Reference assignment operator ( =& ) combined with passed by reference ( &$var ) in PHP

Why is the variable passed by reference not changed when the assignment is also made with a reference?

function foo(&$x) {
    $y = 1;
    $x = &$y;
}
$bar = 0;
foo($bar);
echo $bar; //why is this not 1?

This behavior seems to be identical in all PHP versions. Therefore I assume that the behavior is by design.

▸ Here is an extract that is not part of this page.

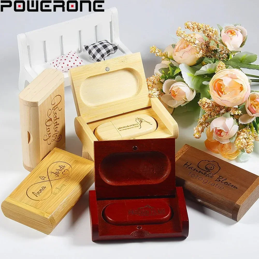 Free Custom Logo USB Flash Drives 64GB Wooden + Box USB 2.0 Disk 32GB Photography Data Storage 16GB Wedding Gift Pen Drive 8GB

Is it documented somewhere that the reference is lost in such cases?

Solution 1:

References in PHP are a means to access the same variable content by different names. They are not like C pointers; for instance, you cannot perform pointer arithmetic using them, they are not actual memory addresses, and so on. [..] Instead, they are symbol table aliases. Note that in PHP, variable name and variable content are different, so the same content can have different names. The closest analogy is with Unix filenames and files - variable names are directory entries, while variable content is the file itself. References can be likened to hardlinking in Unix filesystem.

What References Are

<?php
$a =& $b;
?>

it means that $a and $b point to the same content.

Note:
$a and $b are completely equal here. $a is not pointing to $b or vice versa. $a and $b are pointing to the same place.

What References Do

So, $x = &$y; makes $x an alias of the value that $y is pointing to. If $x was an alias to some value before, that's broken now, because it can only point to one value at a time.

However, it feels wrong that you can destroy the passed by reference relationship.

Well, that's entirely up to you. If you understand how references work, then you are entirely in control of writing code that makes them work as you want them to.